Well-defined autoimmune intestinal diseases include inflammatory bowel disease (IBD), classified as either Crohn’s disease (CD) or ulcerative colitis (UC). Both disorders are characterised by chronic inflammation of the gastrointestinal tract, in which CD involves the total digestive tract, and UC involves the colon and rectum. A major difference between IBD and irAE colitis is its chronicity and slow improvement on steroids or TNF blockers. The aetiology of IBD is complex and arises as a result of the interaction of genetic and environmental factors. To date, genetic studies have identified 163 susceptibility loci for IBD. Approximately 30% are shared between CD and UC and more than 50% are associated with other AIDs. However, the genetic contribution to the pathogenesis is poorly understood and, in most cases, genetic alterations are thought to have a minor role. Recent mapping studies have used susceptibility loci to explain genetic heterogeneity across diverse populations and clinical subphenotypes.41 42 Moreover, it is emerging that the value of genetic studies is defined by just single susceptibility genes, and to identify disease-relevant pathways (eg, barrier function, innate/adaptive immunity, metabolic pathways, autophagy) to understand the genetic architecture of complex disease such as IBD.43 Although all reported risk loci may be of importance to explain CPI-induced autoimmune colitis, a few loci with greater than 95% certainty to be a single causal variant have been reported for IBD, UC and CD. These 18 susceptible loci associated with IBD, UC and CD are potentially of greater value in explaining treatment-induced intestinal toxicities after CPI (online supplementary table 4; table 1).

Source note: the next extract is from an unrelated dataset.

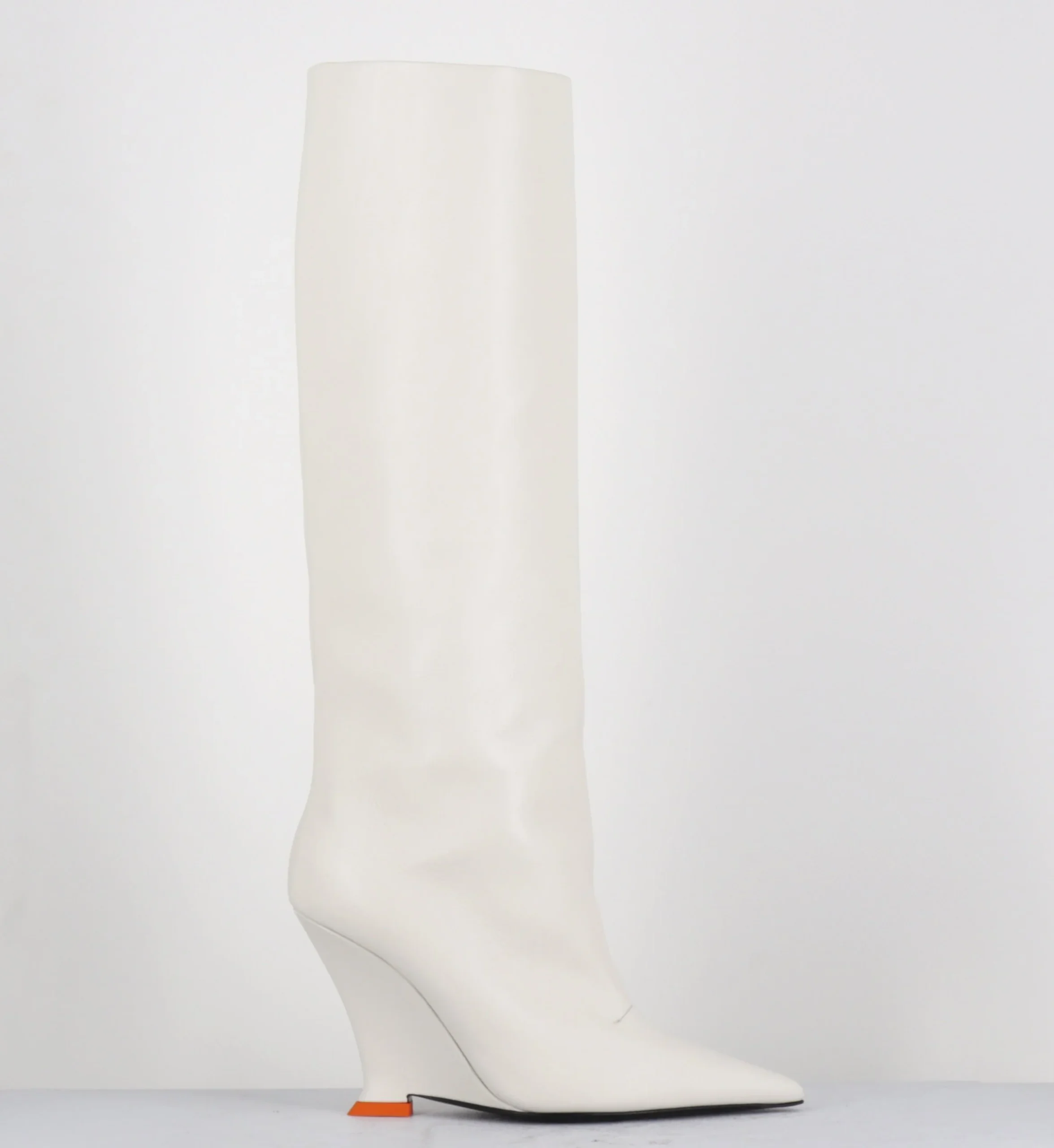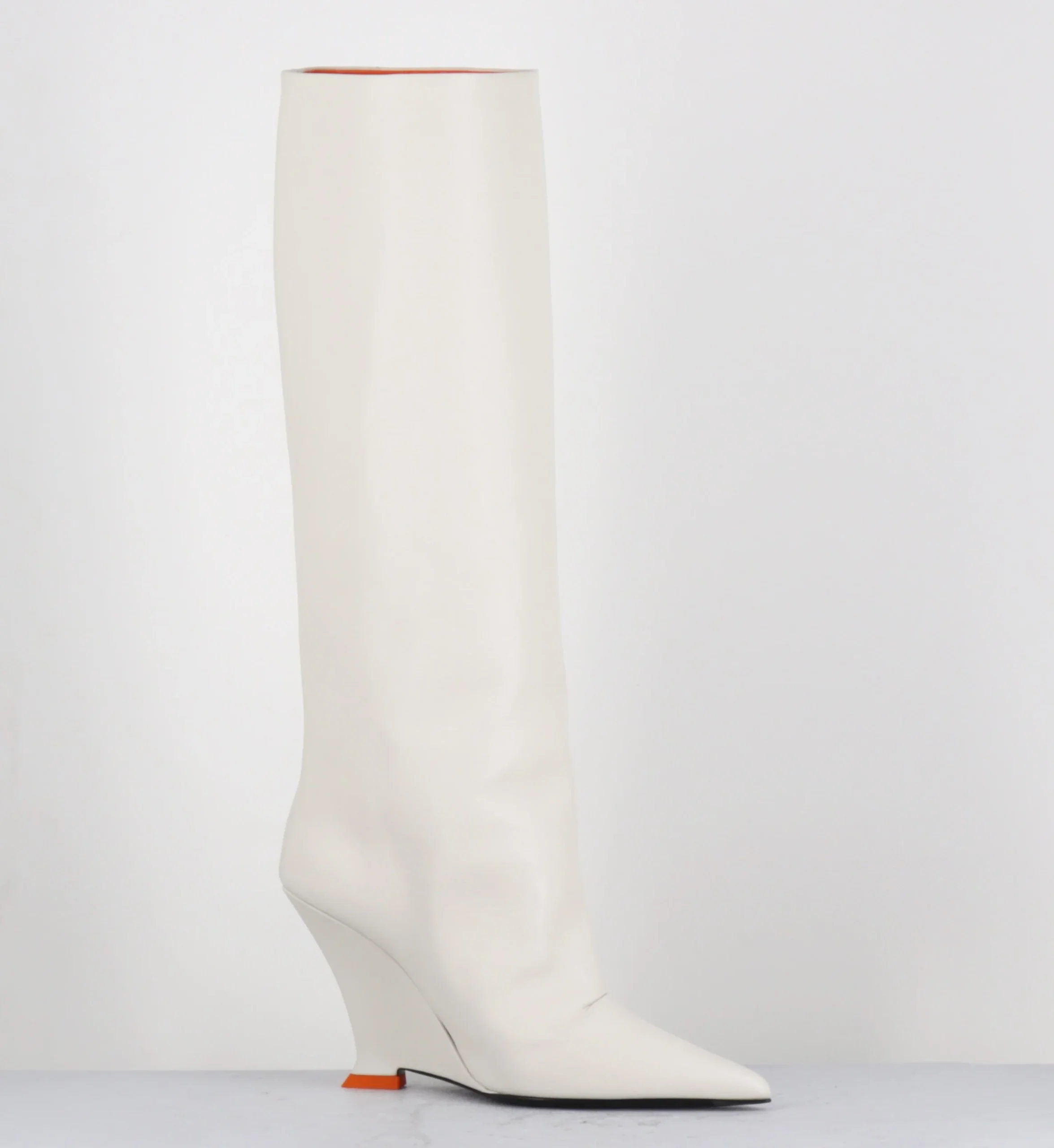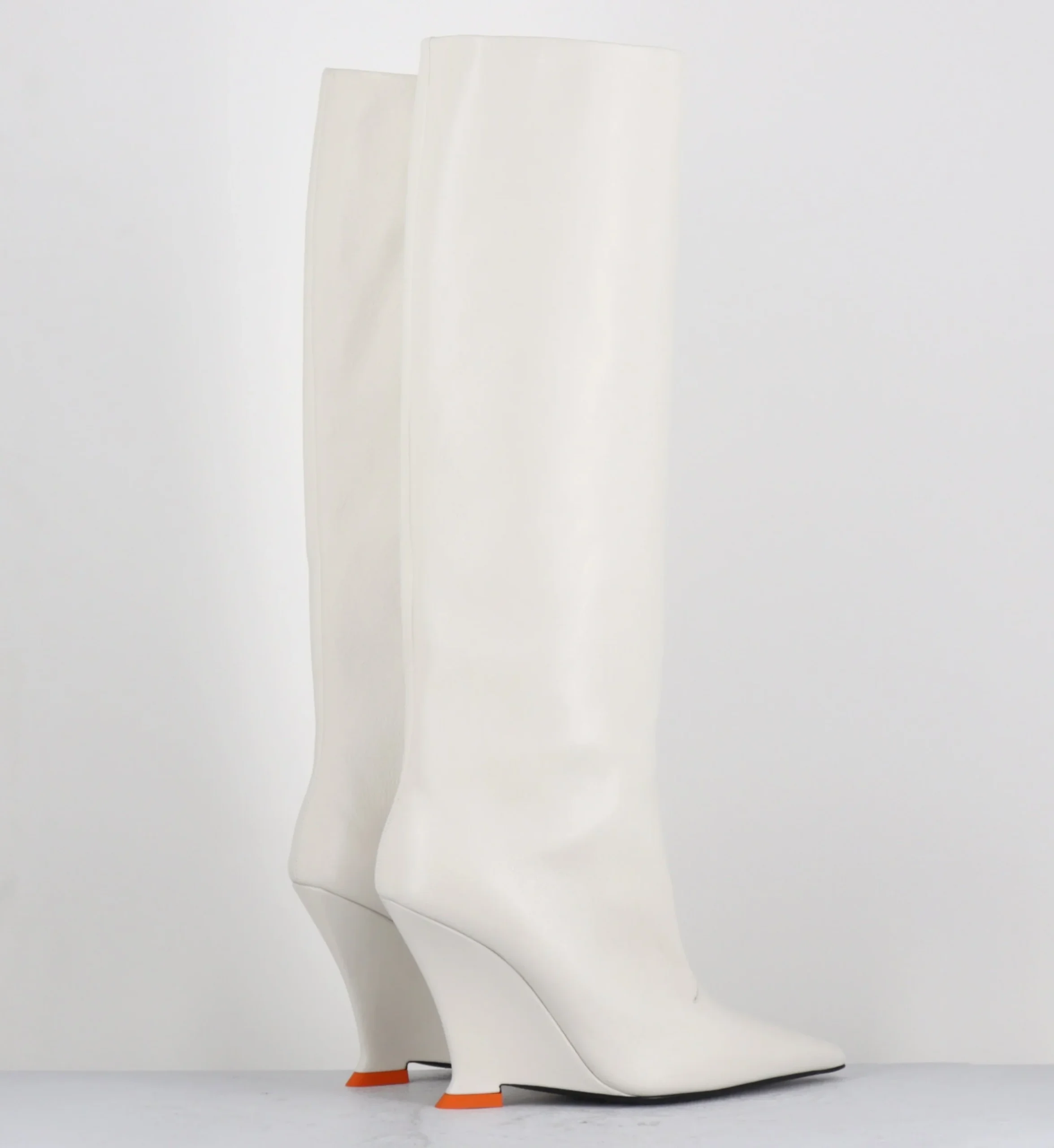Bottes hautes en cuir souple blanc cassé, bout pointu, montées sur un talon compensé stylisé avec détail orange esprit années 2000 Fabrication Artisanale Italienne – Ateliers 3JUIN

Gastritis, an inflammation of the lining of the stomach, is also reported on CPI therapy (table 1). One of the common causes of non-CPI gastritis is the infection with Helicobacter pylori (table 1). All reported SNPs for gastritis are related to an H. pylori infection, which is not frequently seen in the reported CPI treatment-induced gastritis.44 Therefore, we consider these loci of less relevance.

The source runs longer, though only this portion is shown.